BEGIN MATERIAL TO PROCESS
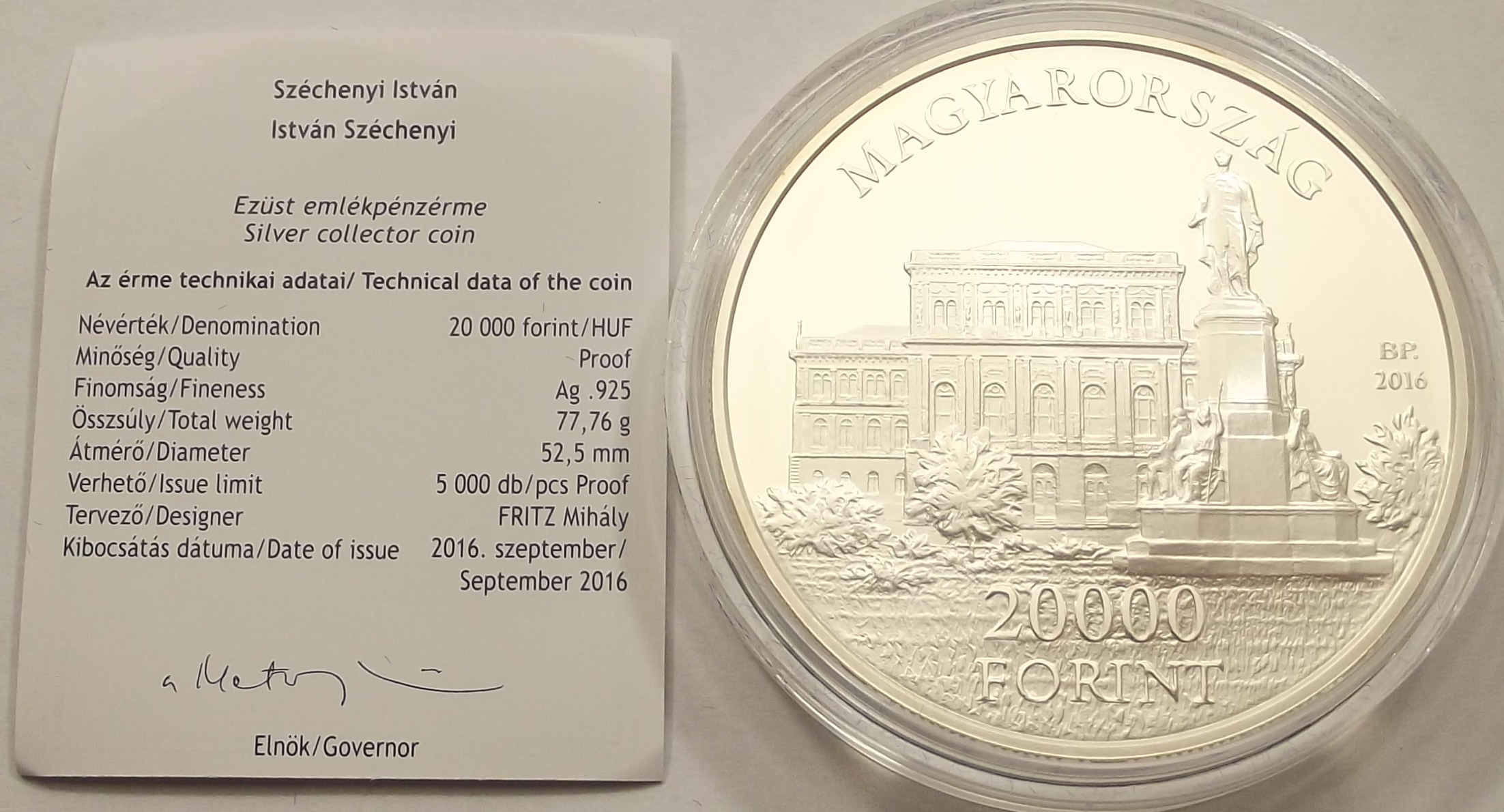 Széchenyi István 20000 forint 2016 PP, kiváló állapotban, certificat-el. (igá 1
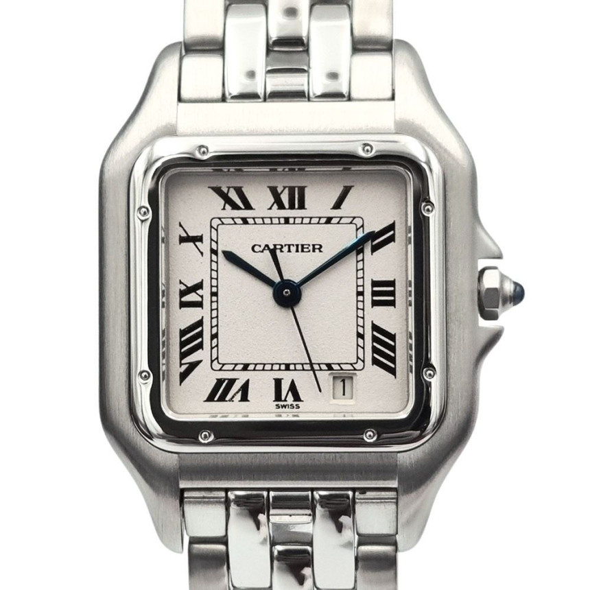 Cartier Panthere MM steel date quartz 1310 W25054P5,까르띠에 카으티에 팬더 미디엄 미디움 MM 스틸 쿼츠 1310 W25054P5,Panthere MM,팬더 MM,Panthere de Cartier,Cartier,까르띠에,실버,로만,스테인리스 스틸,쿼츠,Stainless steel,Folding clasp,Date / roman numeral indices
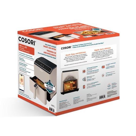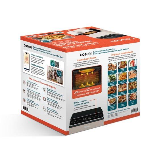 Upgrade your air frying with the COSORI Dual Blaze™ 6.8-Quart Smart Air Fryer. With 360 ThermoIQ™ Technology, it cooks food evenly without preheating or shaking. The LED display has 12 cooking functions for easy use. Connect to the VESYNC app to adjust settings, check your food, find recipes, and use voice control with Amazon Alexa or Google Assistant. Power: 1700 watts.
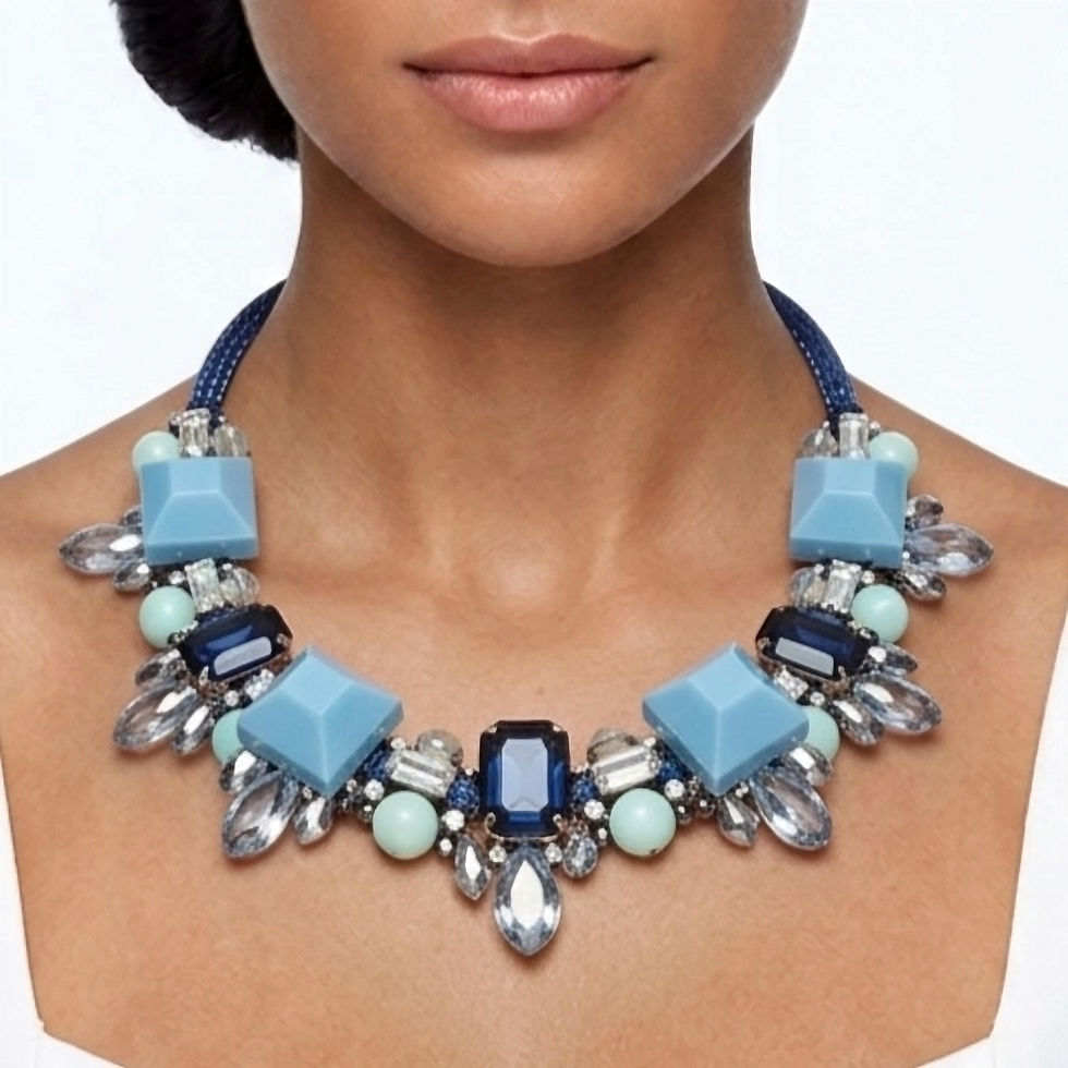 Add a touch of elegance to your look with our 2059 necklace. This exquisite hand-embroidered macramé necklace is embellished with crystals and Swarovski crystals in various shades of green. It pairs easily with an elegant dress for a refined look or with a more casual outfit for a touch of style. The lobster clasp and chain make it easy to wear and adjustable, ensuring comfort and practicality without sacrificing elegance. Add a touch of style to your look with this stunning necklace.
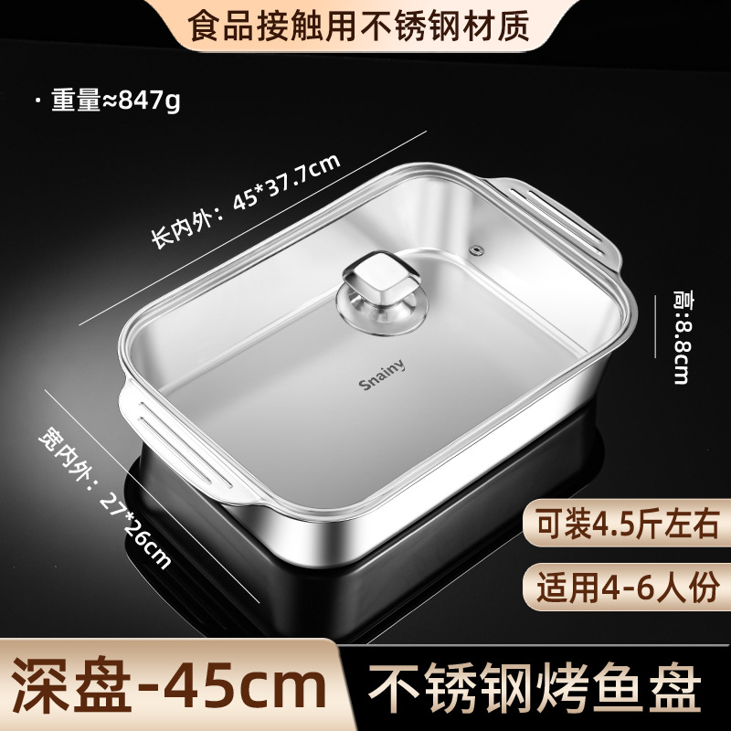 • 새로운 스테인리스 스틸 생선 구이팬 (깊은형) - 45cm + 방폭 유리 뚜껑
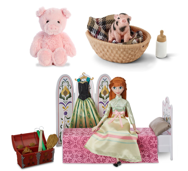 Племяннице (4 года) дарим мягкую игрушку Aurora, маленького поросёнка от Schleich и набор с Анной от Disney.
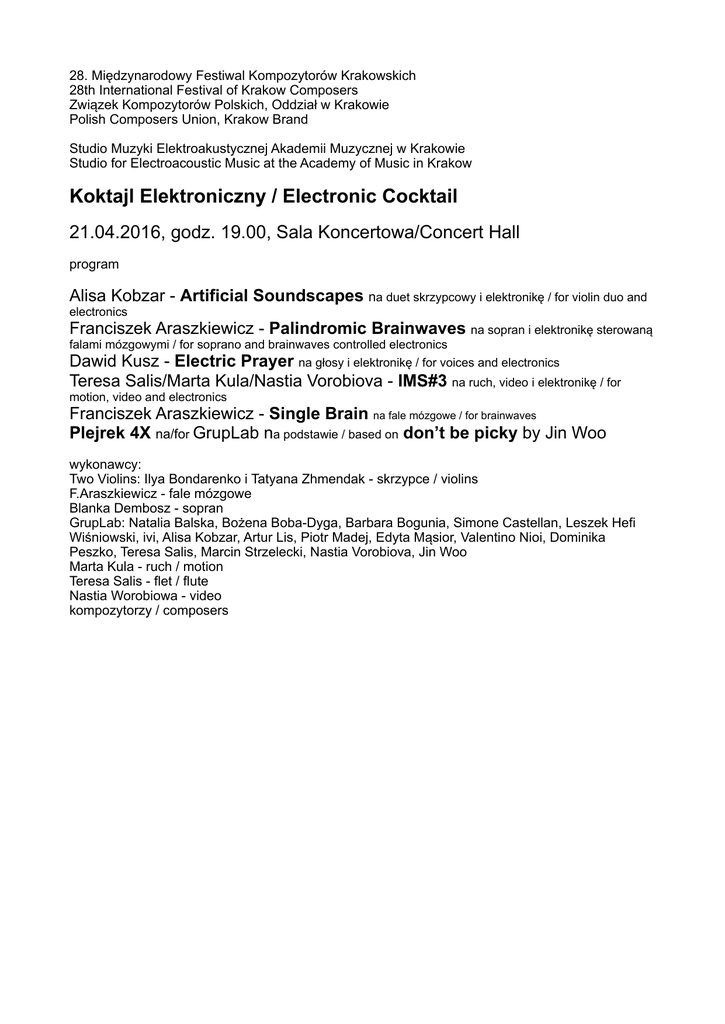 28. Międzynarodowy Festiwal Kompozytorów Krakowskich 28th International Festival of Krakow Composers Związek Kompozytorów Polskich, Oddział w Krakowie Polish Composers Union, Krakow Brand Studio Muzyki Elektroakustycznej Akademii Muzycznej w Krakowie Studio for Electroacoustic Music at the Academy of Music in Krakow Koktajl Elektroniczny / Electronic Cocktail 21.04.2016, godz. 19.00, Sala Koncertowa/Concert Hall program Alisa Kobzar - Artificial Soundscapes na duet skrzypcowy i elektronikę / for violin duo and electronics Franciszek Araszkiewicz - Palindromic Brainwaves na sopran i elektronikę sterowaną falami mózgowymi / for soprano and brainwaves controlled electronics Dawid Kusz - Electric Prayer na głosy i elektronikę / for voices and electronics Teresa Salis/Marta Kula/Nastia Vorobiova - IMS#3 na ruch, video i elektronikę / for motion, video and electronics Franciszek Araszkiewicz - Single Brain na fale mózgowe / for brainwaves Plejrek 4X na/for GrupLab na podstawie / based on don’t be picky by Jin Woo wykonawcy: Two Violins: Ilya Bondarenko i Tatyana Zhmendak - skrzypce / violins F.Araszkiewicz - fale mózgowe Blanka Dembosz - sopran GrupLab: Natalia Balska, Bożena Boba-Dyga, Barbara Bogunia, Simone Castellan, Leszek Hefi Wiśniowski, ivi, Alisa Kobzar, Artur Lis, Piotr Madej, Edyta Mąsior, Valentino Nioi, Dominika Peszko, Teresa Salis, Marcin Strzelecki, Nastia Vorobiova, Jin Woo Marta Kula - ruch / motion Teresa Salis - flet / flute Nastia Worobiowa - video kompozytorzy / composers
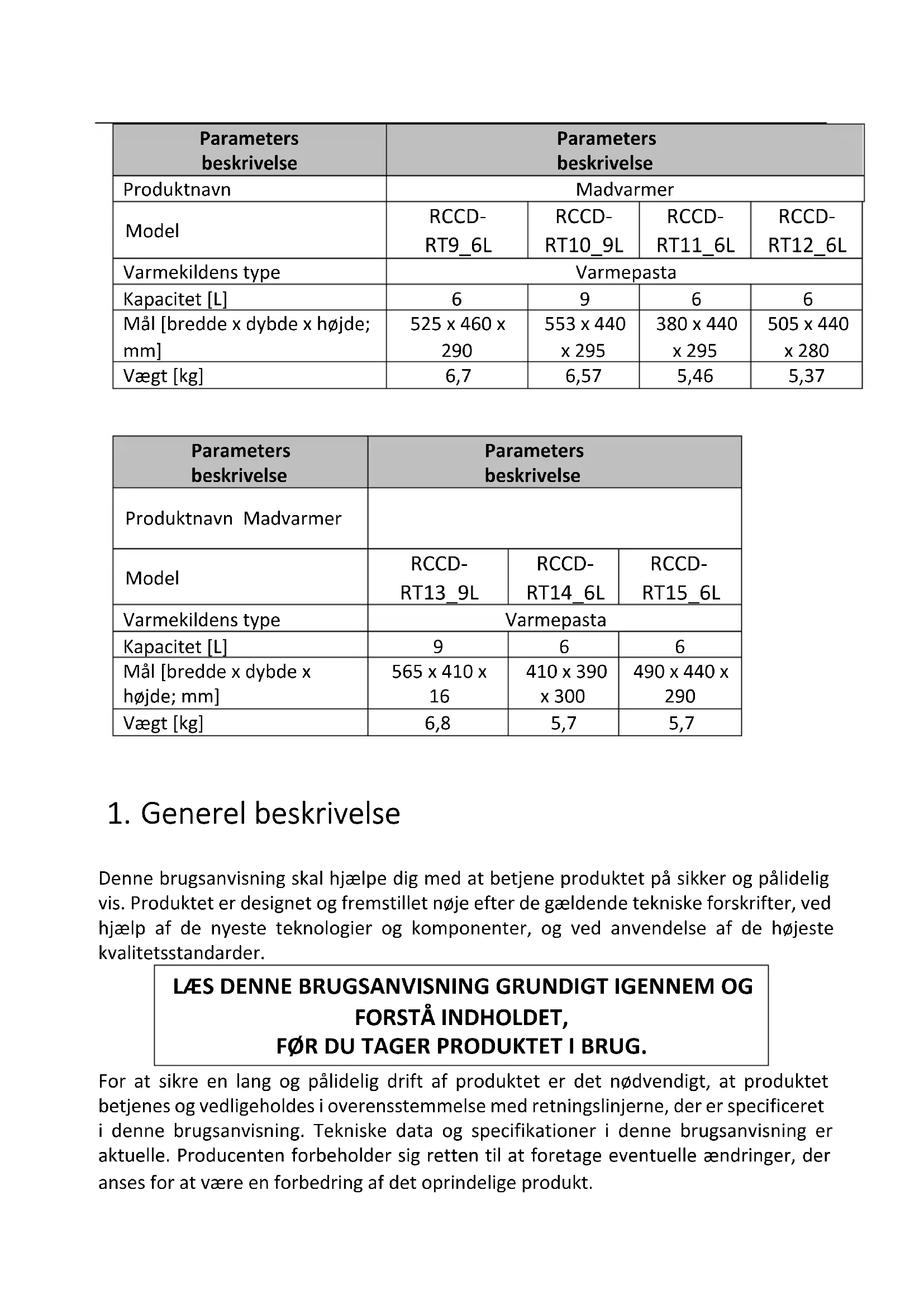 Produktet er beregnet til opvarmning af maden. Det holder også på varmen af maden placeret i produktet. Det er ikke beregnet til optøning eller tilberedning af frosne fødevarer. Enhver skade, der skyldes forkert brug, er brugerens ansvar. 3.1. Beskrivelse af produktet RCCD-RT1_9L
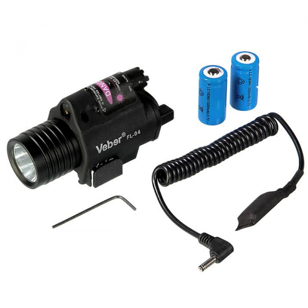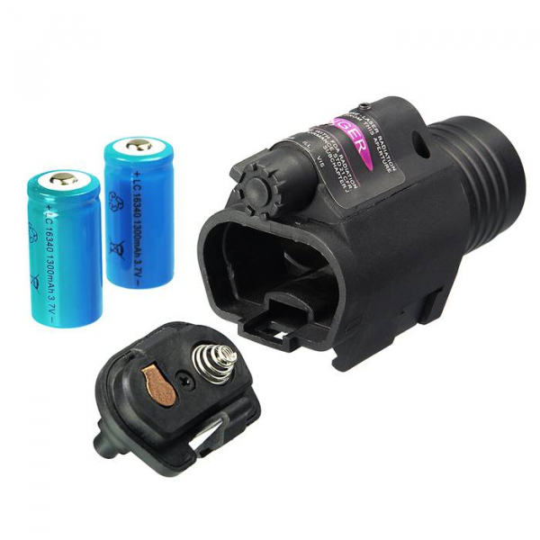 Компактный вариант изделия по принципу 2 в 1. Корпус изготовлен из жесткого пластика, по внешнему виду и прочности даже не отличимым от силумина. Задняя крышка закрывает батарейный отсек, на ней же расположены кнопка включения и гнездо для выносной кнопки (длина шнура — 1 метр). На верхней части корпуса — ручка переключения режимов. Режимы: Выкл, лазер + фонарь, фонарь, лазер. Асферическая поверхность отражателя светодиода фонаря, формирует световой поток с ярким пятном в центре и большой периферийной зоной, что удобно для ориентировки. Оси фонаря и лазера строго параллельны (однако, предусмотрена возможность регулировки направления луча лазера), поэтому при совместном использовании, лазерная точка находится в центре светового пятна от фонаря. Крепление под Weaver. Закрепление устройства осуществляется путем нажатия на подпружиненную площадку прибора в основании корпуса. Обычное (не влагозащищенное) исполнение. Рекомендованное применение — легкая пневматика, пейнтбол, арбалеты и т. п.
END MATERIAL TO PROCESS
--- YOUR GOAL ---
In your answer, repeat the material above in full, exactly, and without its pictures.

--- EXERCISE ANSWER ---
 Széchenyi István 20000 forint 2016 PP, kiváló állapotban, certificat-el. (igá 1
 Cartier Panthere MM steel date quartz 1310 W25054P5,까르띠에 카으티에 팬더 미디엄 미디움 MM 스틸 쿼츠 1310 W25054P5,Panthere MM,팬더 MM,Panthere de Cartier,Cartier,까르띠에,실버,로만,스테인리스 스틸,쿼츠,Stainless steel,Folding clasp,Date / roman numeral indices
 Upgrade your air frying with the COSORI Dual Blaze™ 6.8-Quart Smart Air Fryer. With 360 ThermoIQ™ Technology, it cooks food evenly without preheating or shaking. The LED display has 12 cooking functions for easy use. Connect to the VESYNC app to adjust settings, check your food, find recipes, and use voice control with Amazon Alexa or Google Assistant. Power: 1700 watts.
 Add a touch of elegance to your look with our 2059 necklace. This exquisite hand-embroidered macramé necklace is embellished with crystals and Swarovski crystals in various shades of green. It pairs easily with an elegant dress for a refined look or with a more casual outfit for a touch of style. The lobster clasp and chain make it easy to wear and adjustable, ensuring comfort and practicality without sacrificing elegance. Add a touch of style to your look with this stunning necklace.
 • 새로운 스테인리스 스틸 생선 구이팬 (깊은형) - 45cm + 방폭 유리 뚜껑
 Племяннице (4 года) дарим мягкую игрушку Aurora, маленького поросёнка от Schleich и набор с Анной от Disney.
 28. Międzynarodowy Festiwal Kompozytorów Krakowskich 28th International Festival of Krakow Composers Związek Kompozytorów Polskich, Oddział w Krakowie Polish Composers Union, Krakow Brand Studio Muzyki Elektroakustycznej Akademii Muzycznej w Krakowie Studio for Electroacoustic Music at the Academy of Music in Krakow Koktajl Elektroniczny / Electronic Cocktail 21.04.2016, godz. 19.00, Sala Koncertowa/Concert Hall program Alisa Kobzar - Artificial Soundscapes na duet skrzypcowy i elektronikę / for violin duo and electronics Franciszek Araszkiewicz - Palindromic Brainwaves na sopran i elektronikę sterowaną falami mózgowymi / for soprano and brainwaves controlled electronics Dawid Kusz - Electric Prayer na głosy i elektronikę / for voices and electronics Teresa Salis/Marta Kula/Nastia Vorobiova - IMS#3 na ruch, video i elektronikę / for motion, video and electronics Franciszek Araszkiewicz - Single Brain na fale mózgowe / for brainwaves Plejrek 4X na/for GrupLab na podstawie / based on don’t be picky by Jin Woo wykonawcy: Two Violins: Ilya Bondarenko i Tatyana Zhmendak - skrzypce / violins F.Araszkiewicz - fale mózgowe Blanka Dembosz - sopran GrupLab: Natalia Balska, Bożena Boba-Dyga, Barbara Bogunia, Simone Castellan, Leszek Hefi Wiśniowski, ivi, Alisa Kobzar, Artur Lis, Piotr Madej, Edyta Mąsior, Valentino Nioi, Dominika Peszko, Teresa Salis, Marcin Strzelecki, Nastia Vorobiova, Jin Woo Marta Kula - ruch / motion Teresa Salis - flet / flute Nastia Worobiowa - video kompozytorzy / composers
 Produktet er beregnet til opvarmning af maden. Det holder også på varmen af maden placeret i produktet. Det er ikke beregnet til optøning eller tilberedning af frosne fødevarer. Enhver skade, der skyldes forkert brug, er brugerens ansvar. 3.1. Beskrivelse af produktet RCCD-RT1_9L
 Компактный вариант изделия по принципу 2 в 1. Корпус изготовлен из жесткого пластика, по внешнему виду и прочности даже не отличимым от силумина. Задняя крышка закрывает батарейный отсек, на ней же расположены кнопка включения и гнездо для выносной кнопки (длина шнура — 1 метр). На верхней части корпуса — ручка переключения режимов. Режимы: Выкл, лазер + фонарь, фонарь, лазер. Асферическая поверхность отражателя светодиода фонаря, формирует световой поток с ярким пятном в центре и большой периферийной зоной, что удобно для ориентировки. Оси фонаря и лазера строго параллельны (однако, предусмотрена возможность регулировки направления луча лазера), поэтому при совместном использовании, лазерная точка находится в центре светового пятна от фонаря. Крепление под Weaver. Закрепление устройства осуществляется путем нажатия на подпружиненную площадку прибора в основании корпуса. Обычное (не влагозащищенное) исполнение. Рекомендованное применение — легкая пневматика, пейнтбол, арбалеты и т. п.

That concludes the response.